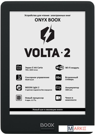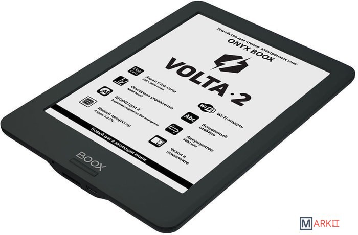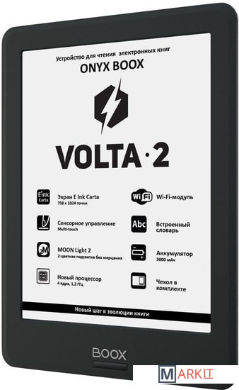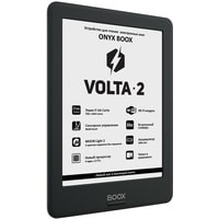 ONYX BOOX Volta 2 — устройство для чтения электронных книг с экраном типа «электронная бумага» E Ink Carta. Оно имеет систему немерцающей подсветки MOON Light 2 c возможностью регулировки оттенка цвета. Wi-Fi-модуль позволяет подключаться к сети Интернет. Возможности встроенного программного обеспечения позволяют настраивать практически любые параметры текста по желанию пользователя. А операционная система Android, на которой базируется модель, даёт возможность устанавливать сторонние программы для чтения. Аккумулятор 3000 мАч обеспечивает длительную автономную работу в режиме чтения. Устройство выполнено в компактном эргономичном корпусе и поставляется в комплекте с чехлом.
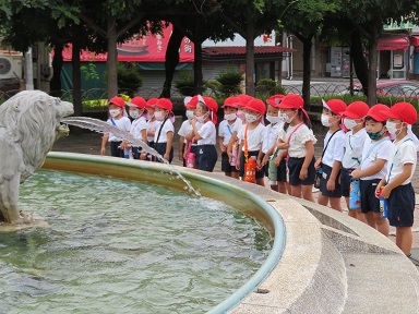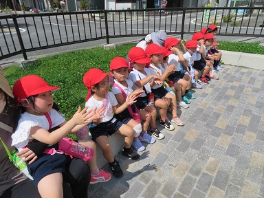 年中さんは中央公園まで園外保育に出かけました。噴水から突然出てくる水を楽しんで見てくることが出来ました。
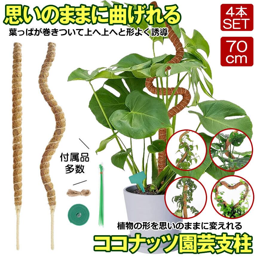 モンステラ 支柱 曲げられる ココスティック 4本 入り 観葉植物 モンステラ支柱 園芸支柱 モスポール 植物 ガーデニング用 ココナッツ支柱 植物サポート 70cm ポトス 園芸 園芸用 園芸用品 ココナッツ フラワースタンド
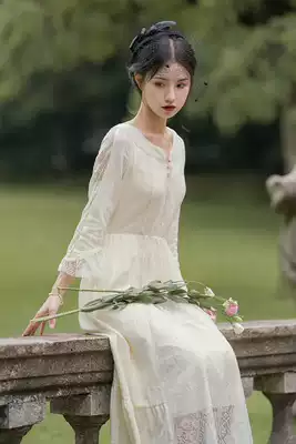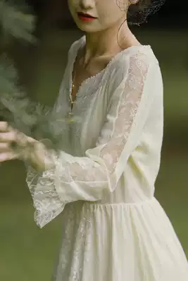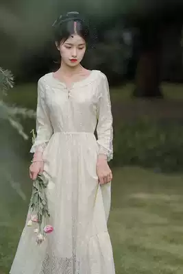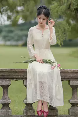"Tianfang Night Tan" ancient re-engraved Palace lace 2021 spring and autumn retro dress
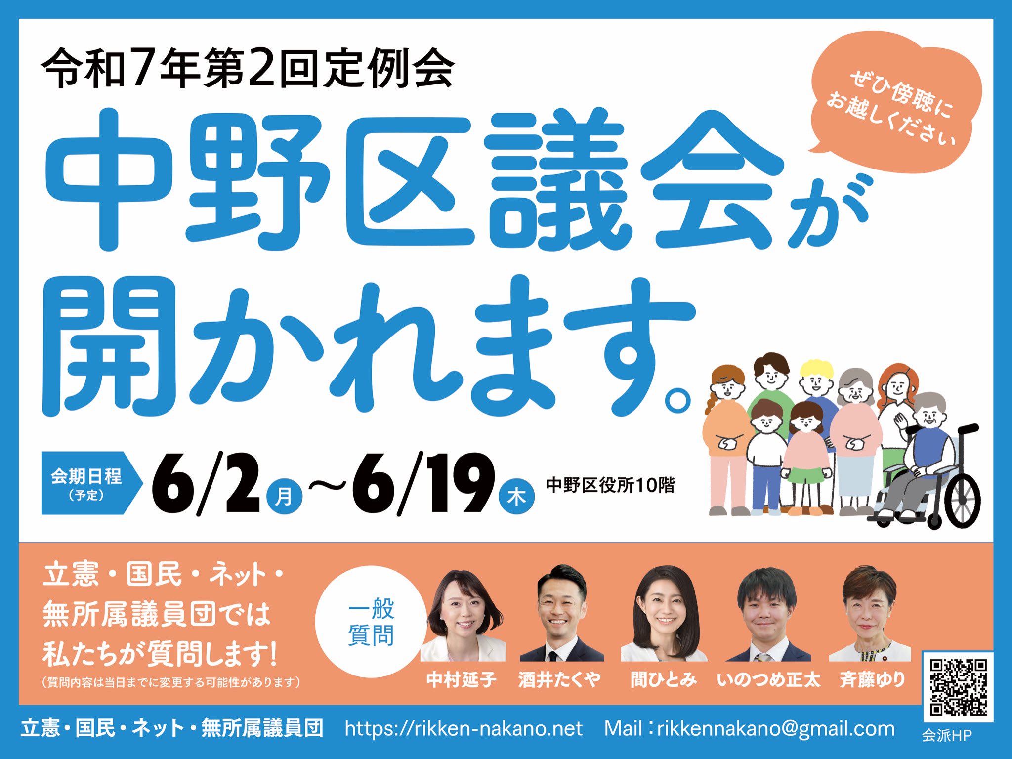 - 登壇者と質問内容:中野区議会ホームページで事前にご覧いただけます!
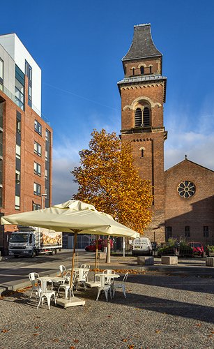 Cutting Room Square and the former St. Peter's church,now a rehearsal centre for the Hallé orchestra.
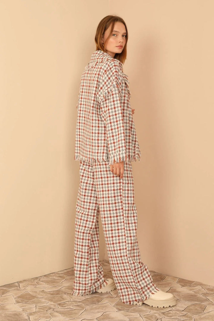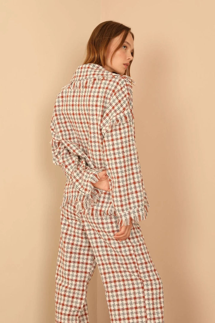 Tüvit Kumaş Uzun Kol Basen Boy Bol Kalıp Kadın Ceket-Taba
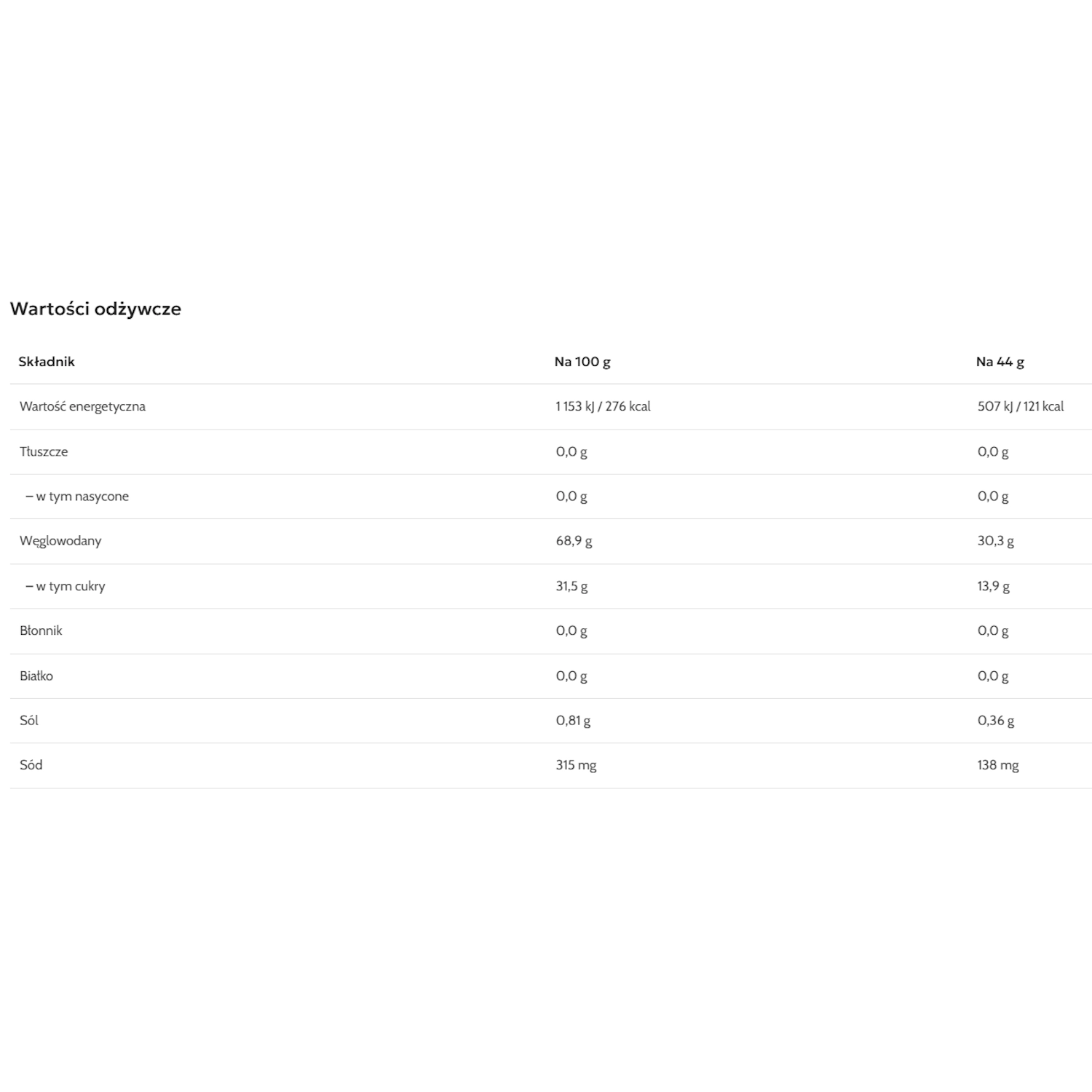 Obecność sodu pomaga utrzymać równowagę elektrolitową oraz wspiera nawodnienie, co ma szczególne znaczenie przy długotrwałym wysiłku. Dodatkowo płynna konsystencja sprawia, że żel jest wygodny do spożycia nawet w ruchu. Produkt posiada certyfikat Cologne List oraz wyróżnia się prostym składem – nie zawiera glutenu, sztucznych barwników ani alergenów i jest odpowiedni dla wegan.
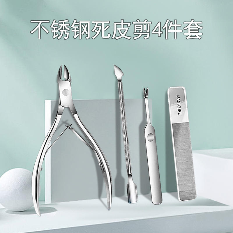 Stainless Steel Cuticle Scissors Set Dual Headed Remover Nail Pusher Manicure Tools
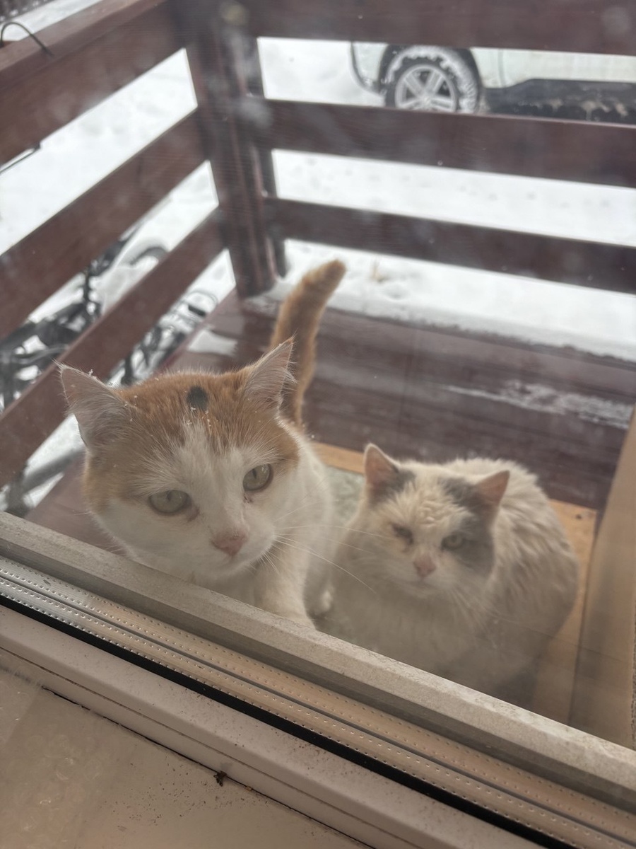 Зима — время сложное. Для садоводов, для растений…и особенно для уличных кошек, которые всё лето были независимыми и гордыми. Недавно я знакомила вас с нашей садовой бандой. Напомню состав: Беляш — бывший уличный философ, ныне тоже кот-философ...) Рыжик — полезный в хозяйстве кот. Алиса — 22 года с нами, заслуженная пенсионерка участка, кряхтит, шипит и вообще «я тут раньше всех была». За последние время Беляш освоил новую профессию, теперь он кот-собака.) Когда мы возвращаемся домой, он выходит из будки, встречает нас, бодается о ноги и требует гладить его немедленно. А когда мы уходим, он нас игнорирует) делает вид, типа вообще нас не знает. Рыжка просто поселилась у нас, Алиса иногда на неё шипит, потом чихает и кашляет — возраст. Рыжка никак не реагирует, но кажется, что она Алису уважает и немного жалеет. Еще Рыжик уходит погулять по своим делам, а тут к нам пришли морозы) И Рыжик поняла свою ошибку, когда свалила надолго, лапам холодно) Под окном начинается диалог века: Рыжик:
+++
§ **REQUIRED ACTION**
Exactly as written, reproduce all of the entries while dropping the pictures.

§ **SOLUTION**
 ONYX BOOX Volta 2 — устройство для чтения электронных книг с экраном типа «электронная бумага» E Ink Carta. Оно имеет систему немерцающей подсветки MOON Light 2 c возможностью регулировки оттенка цвета. Wi-Fi-модуль позволяет подключаться к сети Интернет. Возможности встроенного программного обеспечения позволяют настраивать практически любые параметры текста по желанию пользователя. А операционная система Android, на которой базируется модель, даёт возможность устанавливать сторонние программы для чтения. Аккумулятор 3000 мАч обеспечивает длительную автономную работу в режиме чтения. Устройство выполнено в компактном эргономичном корпусе и поставляется в комплекте с чехлом.
 年中さんは中央公園まで園外保育に出かけました。噴水から突然出てくる水を楽しんで見てくることが出来ました。
 モンステラ 支柱 曲げられる ココスティック 4本 入り 観葉植物 モンステラ支柱 園芸支柱 モスポール 植物 ガーデニング用 ココナッツ支柱 植物サポート 70cm ポトス 園芸 園芸用 園芸用品 ココナッツ フラワースタンド
"Tianfang Night Tan" ancient re-engraved Palace lace 2021 spring and autumn retro dress
 - 登壇者と質問内容:中野区議会ホームページで事前にご覧いただけます!
 Cutting Room Square and the former St. Peter's church,now a rehearsal centre for the Hallé orchestra.
 Tüvit Kumaş Uzun Kol Basen Boy Bol Kalıp Kadın Ceket-Taba
 Obecność sodu pomaga utrzymać równowagę elektrolitową oraz wspiera nawodnienie, co ma szczególne znaczenie przy długotrwałym wysiłku. Dodatkowo płynna konsystencja sprawia, że żel jest wygodny do spożycia nawet w ruchu. Produkt posiada certyfikat Cologne List oraz wyróżnia się prostym składem – nie zawiera glutenu, sztucznych barwników ani alergenów i jest odpowiedni dla wegan.
 Stainless Steel Cuticle Scissors Set Dual Headed Remover Nail Pusher Manicure Tools
 Зима — время сложное. Для садоводов, для растений…и особенно для уличных кошек, которые всё лето были независимыми и гордыми. Недавно я знакомила вас с нашей садовой бандой. Напомню состав: Беляш — бывший уличный философ, ныне тоже кот-философ...) Рыжик — полезный в хозяйстве кот. Алиса — 22 года с нами, заслуженная пенсионерка участка, кряхтит, шипит и вообще «я тут раньше всех была». За последние время Беляш освоил новую профессию, теперь он кот-собака.) Когда мы возвращаемся домой, он выходит из будки, встречает нас, бодается о ноги и требует гладить его немедленно. А когда мы уходим, он нас игнорирует) делает вид, типа вообще нас не знает. Рыжка просто поселилась у нас, Алиса иногда на неё шипит, потом чихает и кашляет — возраст. Рыжка никак не реагирует, но кажется, что она Алису уважает и немного жалеет. Еще Рыжик уходит погулять по своим делам, а тут к нам пришли морозы) И Рыжик поняла свою ошибку, когда свалила надолго, лапам холодно) Под окном начинается диалог века: Рыжик:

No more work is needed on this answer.